I very exited by Rust, but how to write commercial programs on it, when it does not have localization and i18n support?

I18n not only for strings like l20n, but for date, time, numbers, currency, images and other resources. Also locale (or culture) should be local for every thread in process. For example dotNet have culture and uiсulture for each thread. And this is very conveniently.

I do not see that Rust fmt can be used in commercial programs. I18n can not be statically compiled. It should be dynamic so fmt is useless in commercial programs, except some rare cases.

All this makes Rust only for research, but not for commercial applications. Why do not include some standard i18n on l20n base in rust and use it in system and other libraries.

Only l20n should be extended to dates, times and currencies and so on.


#2

I think this issue and this crate are relevant.

In general, Rust tries not to rush ahead with including stuff into std. It’s too easy to standardize some suboptimal API this way and suffer from legacy forever after (Java’s date and time API is arguably an example of this).

So Rust is not batteries included yet, but this is relieved by the great and growing https://crates.io/ infrastructure.


#3

As always, that depends on what kind of commercial application. Many, many, many commercial applications only support one language. Yes, in general it would be nice if more were localized, but the reality is very different.

And @matklad is right on the money. We don’t have enough experience with these APIs yet to move something into std.


#4

This is pretty snarky. I’m writing commercial applications for a living and never touch i18n (which is because I’m doing backend and data mangling). I would even say that a huge array of commercial applications has absolutely no need for this.

But: it’s a considerable gap in the ecosystem. I don’t thing the stdlib should close it, though. Libraries outside of stdlib are much easier to maintain, use and to build alternatives for. Rust is still a young language though, so these kinds of gaps need to be expected.


#5

I think it is a bad idea if low-level system function change their behavior in funny ways, based on some global user setting you may not even be aware of.

For an example, a lot of software has problems with the turkish locale, because in Turkey there are i and ı, with respective upper case letters İ and I. So in a turkish locale the upper case letter for i is not I, violating an assumption a lot of software makes.

Another example closer to home is comma-separated lists of numbers, which fails in a German locale, because the decimal separator is a comma.

So I would like any locale related processing to be explicit, with the locale as a parameter. That could easily be done in a crate separate from std.


#6

This is just tip of the localization nightmare.

What if you want to search strings for letter ч, but people want to be able to search for ч without switching their keyboard, so they type c or ch?

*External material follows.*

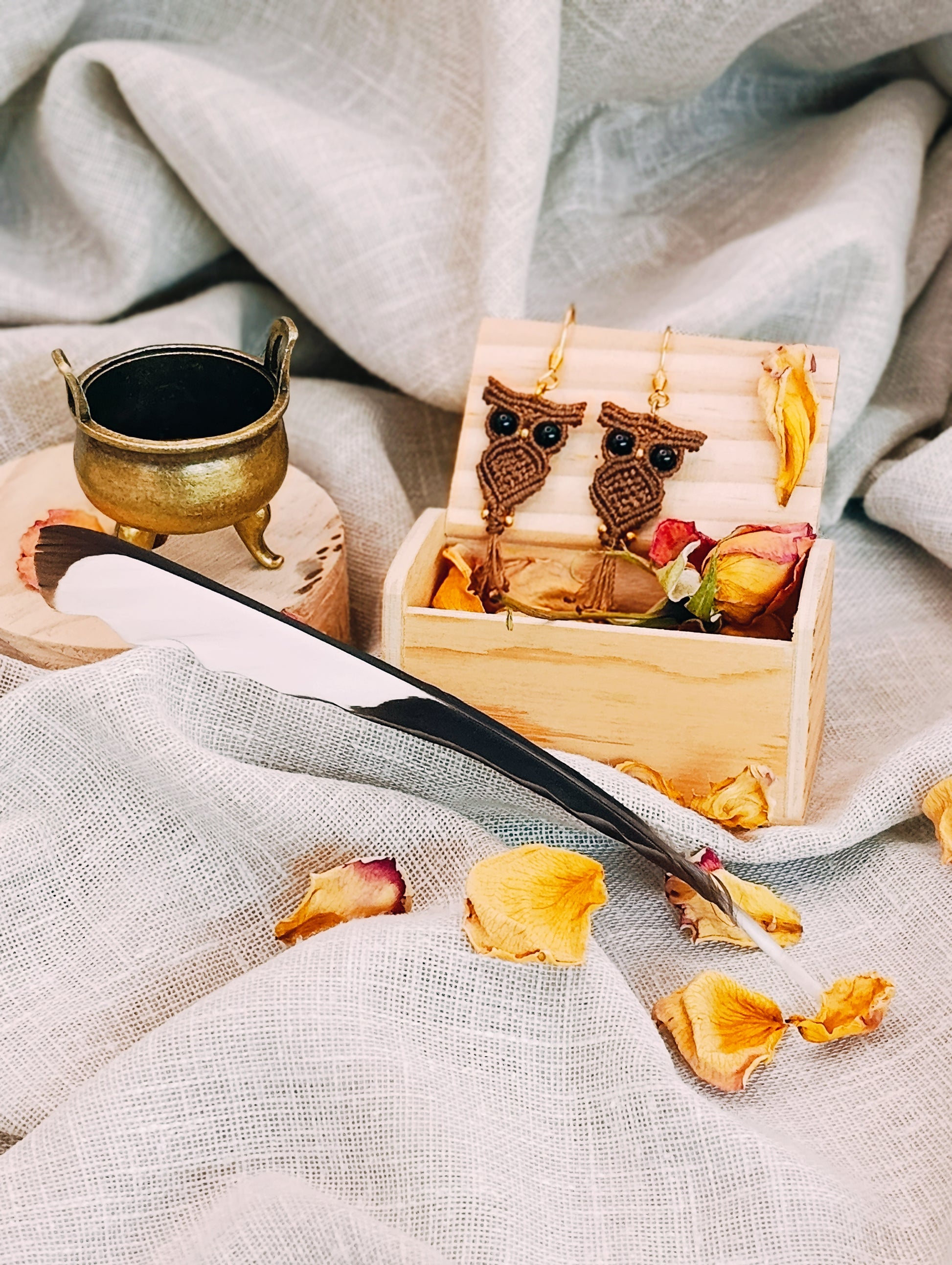Boucles d'oreilles P'tits Familiers - Hiboux - Lithothérapie & Micro Macramé

How do you support mixed content where some parts are written left to right and some right to left?


#7

I think that functions that dependent from locale should have short form (without locale parameter and use current locale) and full form (locale as parameter). So it will be convenient to use them.

All function that independent from locale should call locale depended functions with invariant locale as parameter. So you can parse comma-separated lists of numbers by using invariant locale.


#8

What if you want to search strings for letter ч, but people want to be able to search for ч without switching their keyboard, so they type c or ch?

I don’t understand exactly what your question about.
By default search functions can not find ч for ch for any locale. But if program should find such ч for ch then you should write such function and use it.

I think all locale depended function of standard library (like regexp functions, number to string, date to string and so on) should support all locales, but not only English. Also It should be possible to translate error messages of standard library.


#9

My point is that as it is today for example in in C localization can break even software which doesn’t need and doesn’t want to use it, for example because computers are talking to other computers and not to humans (at least not to end users, IT people should be able to cope without localization).


#10

It should somehow be obvious that you are using locales, either by putting them in a separate namespace or by prefixing them say with loc_.[quote=“AlexRadch, post:7, topic:4745”]
All function that independent from locale should call locale depended functions with invariant locale as parameter. So you can parse comma-separated lists of numbers by using invariant locale.
[/quote]
IMHO they should do their job in the most simple and sane way, independently of locales. For example, sorting using the full Unicode Collation Algorithm is very inefficient, so you could better use sorting by code points.

Also, there is no single locale that is really a good choice, e.g. most have non-ISO date formats.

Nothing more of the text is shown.